Glencore’s All Over Oil Just Now, From Crude to Extra Virginby
Commodity trader has built a desk to trade olive oil in Madrid
More volatile prices increase opportunities for trading firms
Glencore Plc’s got oil trading covered these days, from the crude that drives the global economy to the dressing for your side salad.
The world’s biggest commodity trader, which shocked energy-market watchers this month with an $11 billion investment with partner Qatar in Russian oil producer Rosneft PJSC, has been working at the other end of the scale by quietly building a two-person desk trading olive oil in Madrid.
Glencore is better known in commodities for dealing in big markets such as coal, copper, crude and wheat. But the Zug, Switzerland-based company also trades niche products from vanadium to chickpeas. The olive oil desk opened in the capital of the largest producer of the commodity about 18 months ago. While a spokesman for Glencore confirmed the information, the business is so small it doesn’t rate a mention on the company website.
Yet there’s money to be made from trading in increasingly volatile markets for the Mediterranean staple as olive trees have been affected by more erratic weather in recent years, including droughts and downpours, and pest outbreaks. World prices surged in 2015 to the highest in almost 20 years before sinking this year. Demand is also growing for the oil, known for its health benefits, in emerging markets from China to Russia and Brazil.
"Volatility has increased in the most recent years because of weather problems," said Vito Martielli, an analyst at Rabobank International in Utrecht. "We’ve seen a couple of price spikes in the last couple of years, more frequent than what we used to see."
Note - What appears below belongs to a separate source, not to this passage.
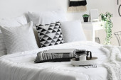 Zdjęcie "Metalowe pojemniki siatkowe pełne ubrań i pościeli stoją na łóżku i na podłodze w sypialni z filiżanką kawy podczas ogólnego sprzątania. Koncepcja aktualizacji i organizacji" może być wykorzystywane do celów osobistych i komercyjnych zgodnie z warunkami zakupionej licencji Royalty-free. Obraz jest dostępny do pobrania w jakości wysokiej rozdzielczości do 5760x3840.
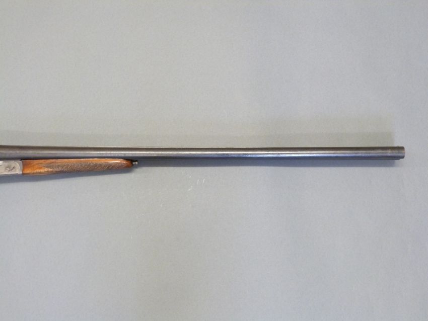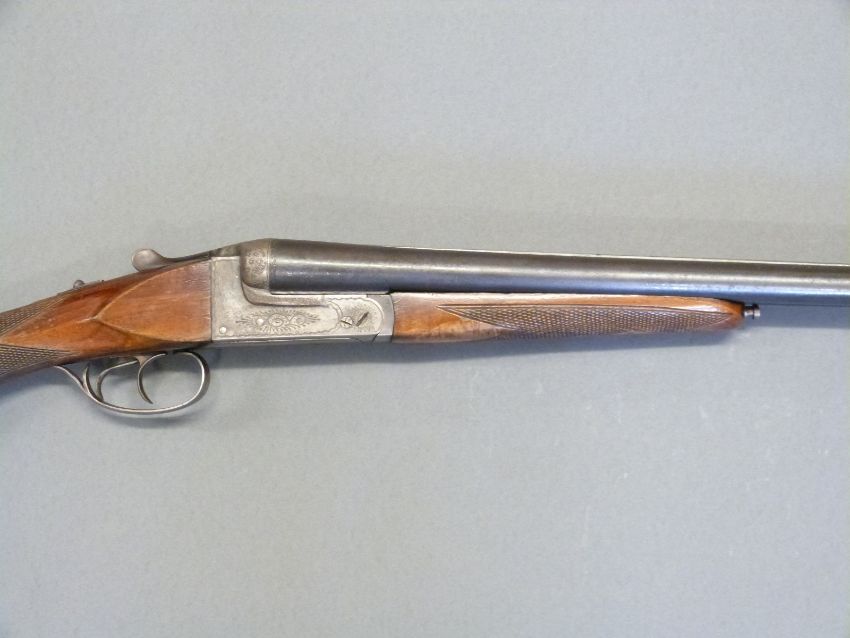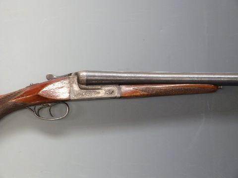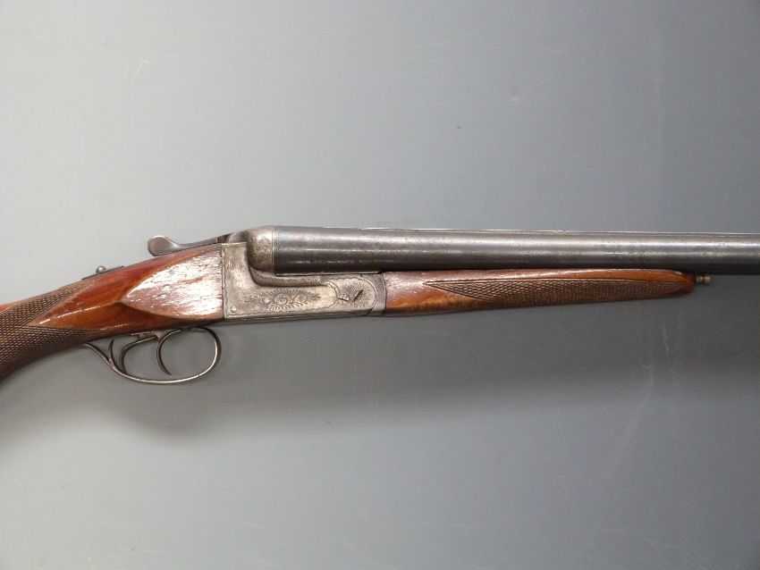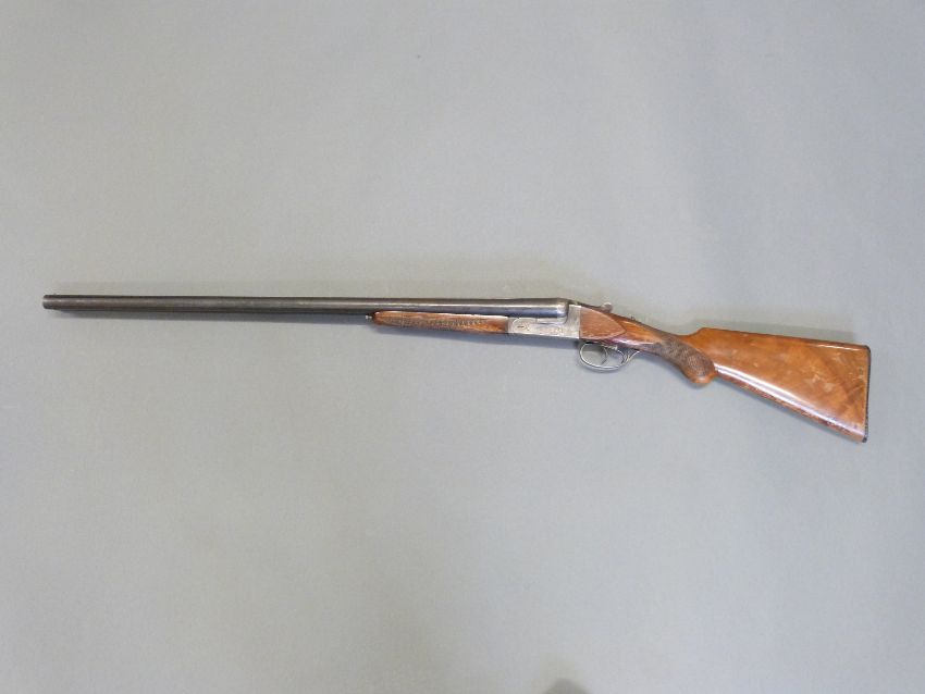Eibar 12 bore side by side shotgun with engraved lock, top plate, top lever, underside and trigger guard, chequered semi-pistol grip and forend, double trigger and named 27.5 inch barrels, overall length 112cm, length of pull 35.5cm, serial number 53964. PLEASE NOTE THAT A VALID RELEVANT FIREARMS/SHOTGUN CERTIFICATE IS REQUIRED TO HANDLE/PURCHASE THIS ITEM.

Interruptions in supply seen every six to seven years in earlier decades are becoming more frequent because of bad weather, while demand is set to outpace production, according to the bank. Unstable weather has affected the most important producing countries three times in the last five years, leading to supply shocks, it said.
Poor weather and pests in southern Europe mean output in the season that’s just started may fall 14 percent to 2.7 million metric tons, the International Olive Council forecasts. Spanish production, accounting for more than 40 percent of world supply, will drop 6 percent, Italian by 49 percent and Greek by 19 percent, the Madrid-based organization says.
Prices of extra virgin olive oil in southern Spain have rallied since the start of November to 3,271.75 euros ($3,417) a ton as floods damaged groves in Andalusia, the main producing region. They have gained almost 50 percent in the past two years. Prices in Italy reached an almost 10-month high earlier this month.
Still, olive oil trading remains a niche that hasn’t developed a futures market like those for soybean oil and palm oil. Spain tried to build such a market in Jaen, the Andalusian town known as the olive oil capital, from 2004 but it closed this year with limp volumes.
While the biggest agricultural traders including Archer-Daniels-Midland Co., Bunge Ltd. and Cargill Inc. have been involved in the olive oil market, most are focused on bottling, not trading. Bunge said this month it will buy a Turkish company to diversify into higher-value olive oil.
With global output of about 3 million tons, the industry is dwarfed by palm oil and soy oil production, both about 20 times larger.
“We cannot ignore olive oil,” Henri Rieux, a spokesman for Bunge, said by phone. "The consumers are very fanatical about it.”